オポチュニティーソリューションツリー

Opportunity Solution Tree(オポチュニティー・ソリューション・ツリー)の導入で売れるプロダクトを造る

OST/Opportunity Solution Tree(オポチュニティー・ソリューション・ツリー)とは何か?

テレサ・トーリスと Continous discovery (コンティニュアス・ディスカバリー/継続的探索)

ついには、世界の現代プロダクトマネジメント界のスターになることになる、ポーランド系アメリカ人のTeresa Torres(テレサ・トーリス)は、ふと気づきました。

ソフトウェアって永遠に機能が成長し続けていくものなのに、なぜみんな、新製品開発はこのチーム、いったん出来上がった製品に関して聞き込み調査を行って改善するチームはマーケティング部門ってわけてるんだ……?」

そこで彼女は continuous discovery(継続的探索) という考え方を提唱し、いかなる機能であっても、造り始める前に、徹底的に顧客を理解し、顧客にとってのバリューをより提供できるよう、ソフトウェアを拡張し続けることをプロダクト開発の中心に据えました。

継続的探索とは、開発の前や途中に一度だけ調査をするのではなく、日常的に顧客理解と検証を回し続けるプロセスのことです。顧客インタビューや小さな検証を繰り返しながら、「本当に我々は価値があるのか?」を確かめ続けます。

では、なぜ「継続的探索」が必要になったのか?この考え方が広まった背景には、プロダクト開発現場の「あるあるな失敗」があります。

問題の一つは、「アジャイルの体裁をした」事実上のウォーターフォールの失敗です。本来は、顧客にぴったりくっついて、学習しながら開発を進めていくはずのアジャイル開発が、実態としてはいつの間にか

(顧客の言うことなんてろくすっぽ聞かずに)造ることだけに集中

し、自分たち本位で作成した要件を実現するためだけに開発を進めるだけの状態になってしまうケースです。結果、顧客価値の検証をせずに作るため、結果として「誰も欲しくないもの」をリリースして炎上する、という事例が後を絶たなくなりました。

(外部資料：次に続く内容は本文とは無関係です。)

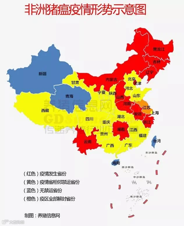 不能调运生猪的疫情省:辽宁、河南、安徽、黑龙江、内蒙古、吉林、天津、山西、云南、浙江、湖南。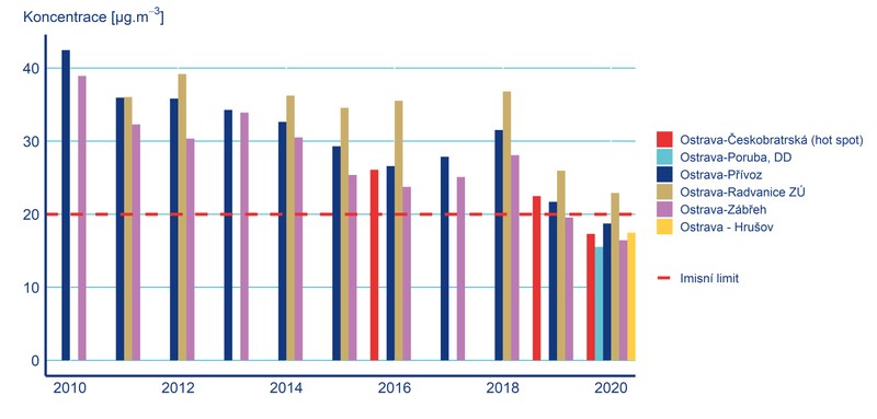 Průměrné roční koncentrace PM2,5 v Ostravě, 2010–2020: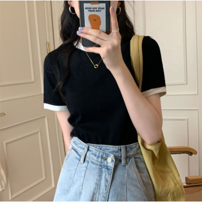撞色圆领短袖t恤女2023年新款夏季打底衫韩版修身短款学生上衣潮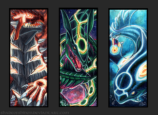 These were basically the only things I completed over the course of the summer.I was really busy and didn't have much time for drawing, but I did these little guys and they were probably my favorite project of the year so far. I choose my favorite legends from every region( I started in 4th gen, hence why there are 2 Sinnoh legends. /I couldn't choose/). I also have one for Mew, but my scanner wasn't big enough for seven, and as it's my least favorite of the bunch, it got left off x'D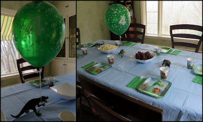 Here is the table where all of the kids sat to eat their snacks. Good dinosaur plates and cups are from Oriental Trading. We had some Skinny Pop and grapes set up on the table. All other food was on a table nearby.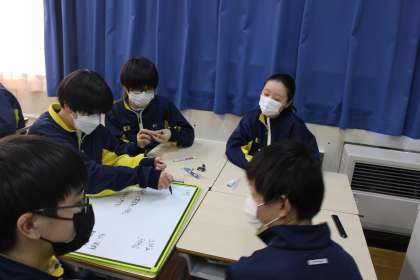 1年生の学活では、クラスの課題と、こんなクラスにしたいという思いを、班の中で話し合って発表していました。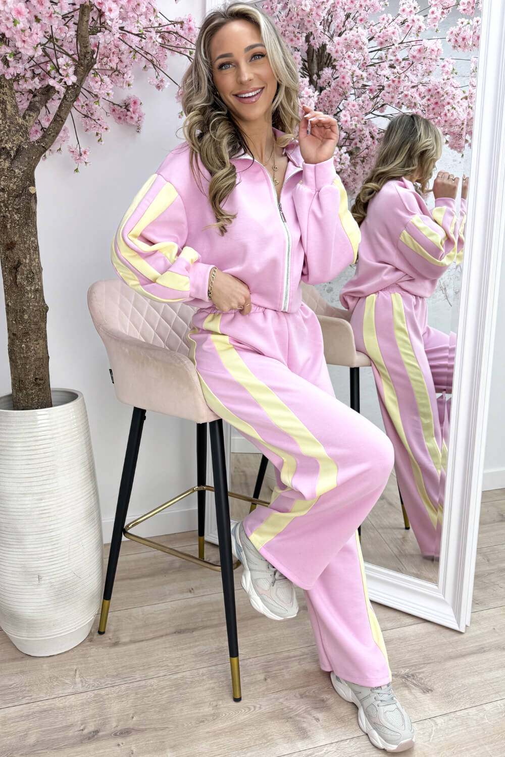 Zip it up stripe comfy co-ord - Lollypop roze
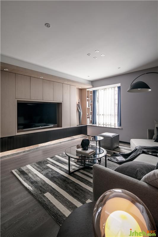 客廳設(shè)計(jì)師用簡潔純粹的設(shè)計(jì)手法,以高級灰沉淀空間的氣質(zhì);溫潤的木色如一股暖流,演繹空間時尚安靜的靈魂。
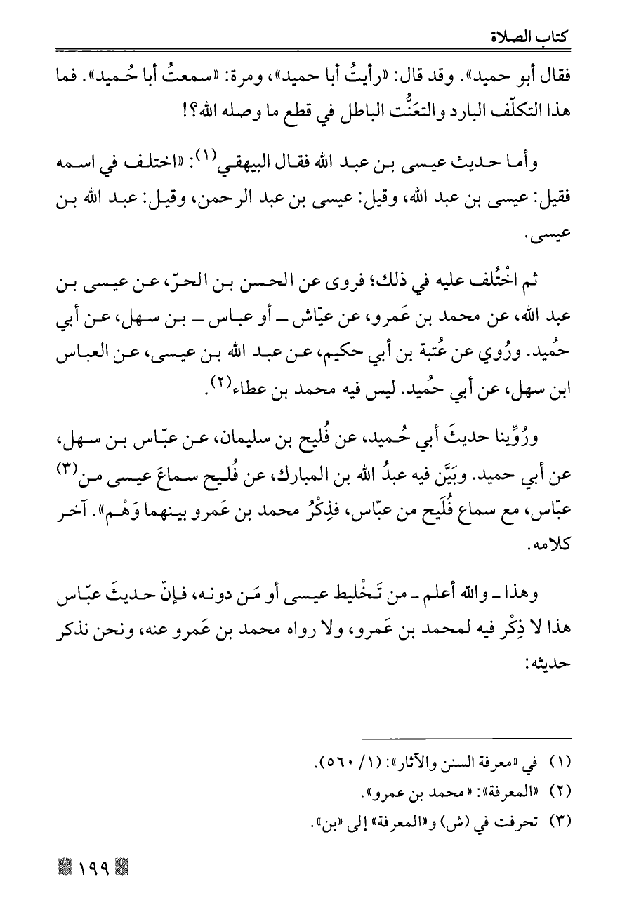 ورُوِّينا حديثَ أبي حُميد، عن فُليح بن سليمان، عن عبّاس بن سهل، عن أبي حميد. وبَيَّن فيه عبدُ الله بن المبارك، عن فُليح سماعَ عيسى من (¬٣) عبّاس، مع سماع فُلَيح من عبّاس، فذِكْرُ محمد بن عَمرو بينهما وَهْم». آخر كلامه.
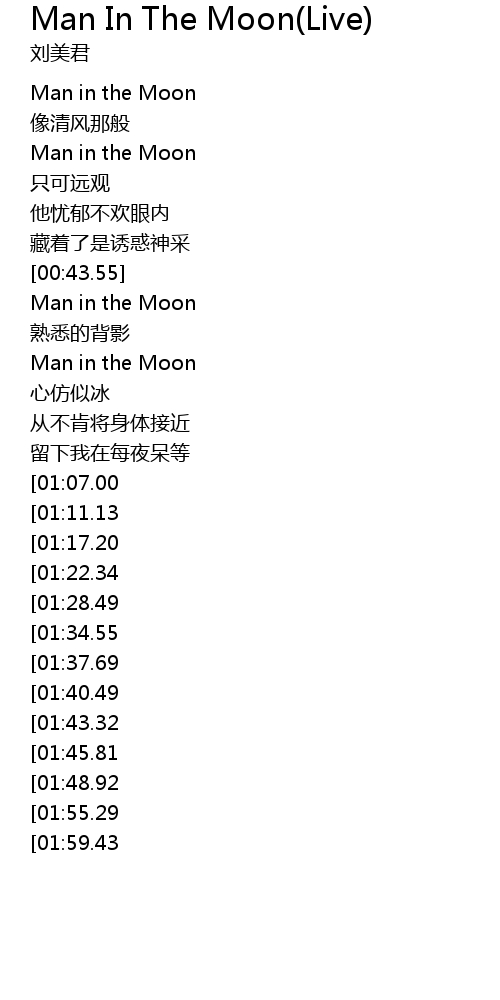 | [02:24.93][01:11.13] | zǒng cāi yǒu dào tā xīn zhòng shāng xīn gù shì |
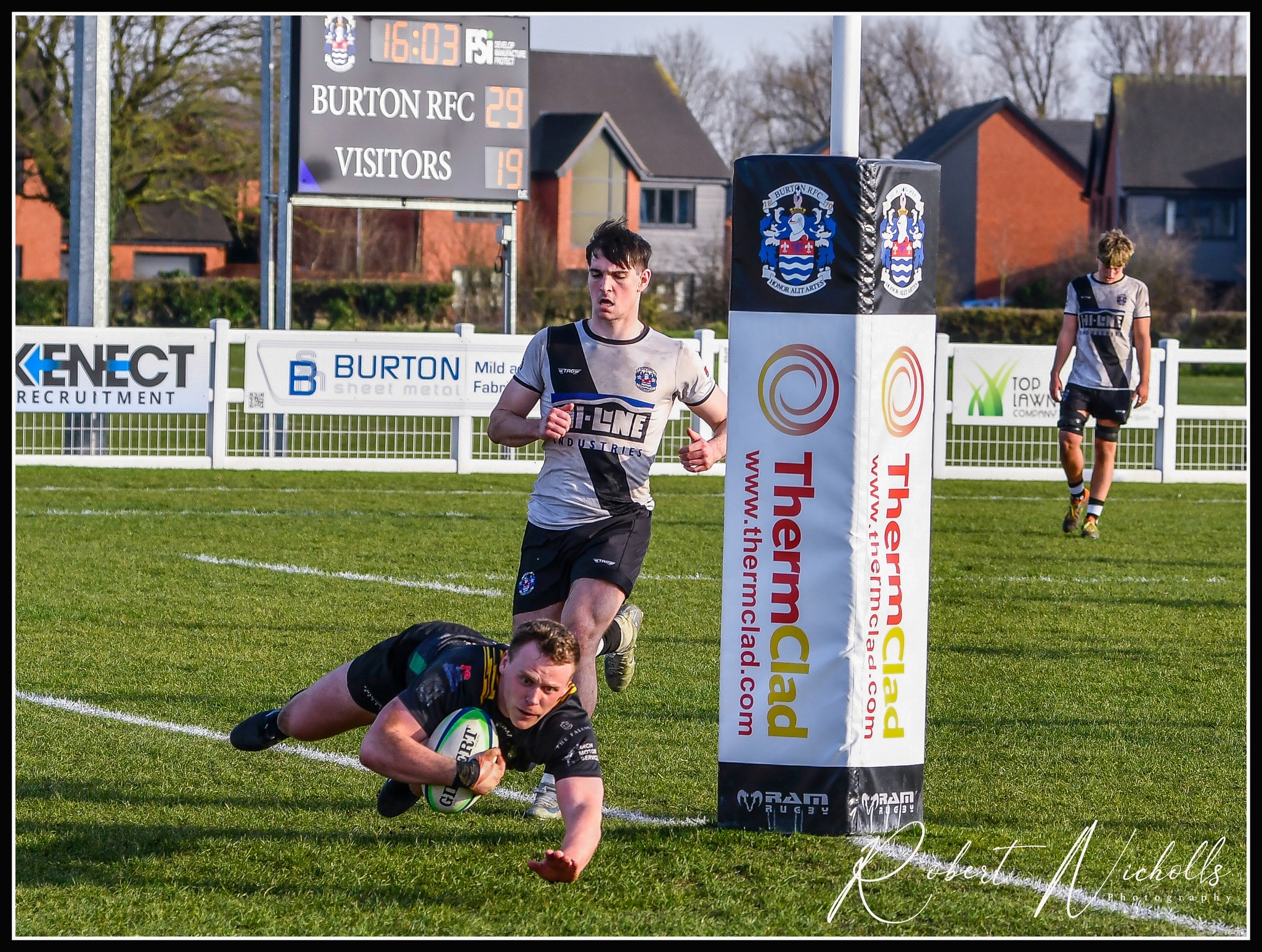 The game developed into a high-energy battle with play being stretched end-to-end and both defences being tested. Manasa Volaikisuva put in a great jackal to halt the opposition at one stage. Bridgnorth then failed to find touch with clearing and penalty kicks before they were penalised for offside and Burton kicked the three points. Burton now turned the screw in attack and crossed in the corner for a try after some questionable tackling, this was followed up with an excellent touchline conversion. Bridgnorth then raised their own game and after a twenty-metre lineout and a further ‘tap & go’ penalty, George Newman surged over for a try converted by Benji Ritson to make the score 17-12. Newman was injured in the act of scoring and was replaced by Ben Morris. Burton then had their prop sent to the sin-bin and Bridgnorth kicked for a twenty-five-metre lineout. The throw wasn’t straight however and Burton then won a penalty and crossed for another try in the corner, again expertly converted from the touchline. The referee blew for half-time with the scoreboard reading 24-12.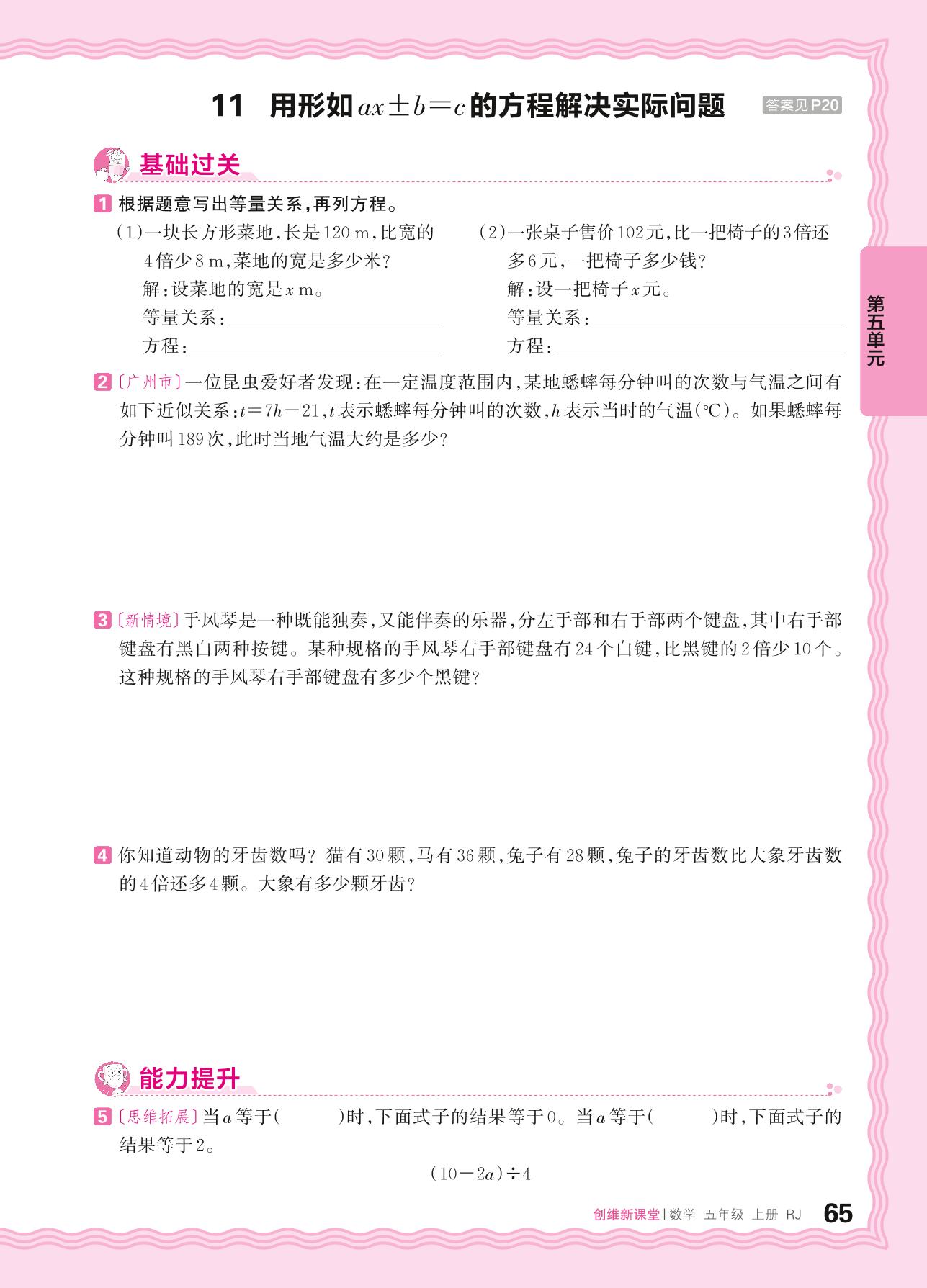 2024秋上册五年级数学人教版 第五单元 简易方程——11. 用形如ax±b=c的方程解决实际问题

もう一つ大きな問題は、組織の分断です。「新製品開発はプロダクト側の仕事」「顧客理解や市場はマーケの仕事」と切り分けてしまい、顧客理解がチームの外に追い出される構造です。

この状態では、開発する側が顧客を知らないまま意思決定をしてしまいます。

こうした反省から、「開発チーム自身が継続的に顧客と向き合うべきだ」という考えが強く求められるようになりました。それがテレサの体系化した、継続的探索です。

私はこの考え方は、ソフトウェアばかりでなく、製造業に是非とも当てはめるべき考え方だと主張します。なぜなら、アジャイル開発をやっている!と自称なさっている製造業の中には、顧客から口頭で事実上のダメ出しをあらかじめ食らっているにもかかわらず、そのまま猪突猛進して最終的に売れずに炎上している(つまり、仕様の改良=イテレーションは申し訳程度にしても、ピボットすなわち企画自体の破棄は決して実行しない)企業が、数多くあるようにお見受けするからです。

いかにContinous discovery (継続的探索)の「進捗管理」を行うのか?

アジャイルで開発したはずのソフトウェアなりハードウェアなりが最終的に出荷され、値段をつけられて売られる段階になって、さっぱり売れないのであれば、開発手法がアジャイルであろうが、ウォーターフォールであろうが、

開発期間中、顧客価値はまったく生み出されていなかった

と考えるしかありませんよね?したがって、Continuous Discover(継続的探索)では、この顧客価値の創造の進捗を、どうしても測る必要が出てきます。

ウォーターフォール型のプロジェクトで進捗を測ろうとすると、ガントチャートを使いたくなるものです。一方で、アジャイル(≒ 今日日はスクラム)で進捗を測るときは、皆さんバックログを使います。アジャイルで開発しても売れないプロダクトは往々にして出来上がる、という構造的な欠点は、バックログの使い方に引きつけて言うと、バックログに、

このバックログに含まれるイシュー、ユーザーストーリーは、本日すべて無効になりました。なぜならば、顧客に聞いたところ、このプロダクトそのものに対するニーズが全くないと言われたからです。開発チーム、ごめんなさい

というメタレベルの、ふざけたユーザーストーリーを放り込むプロダクトオーナーが、事実上存在しない、ということを意味します。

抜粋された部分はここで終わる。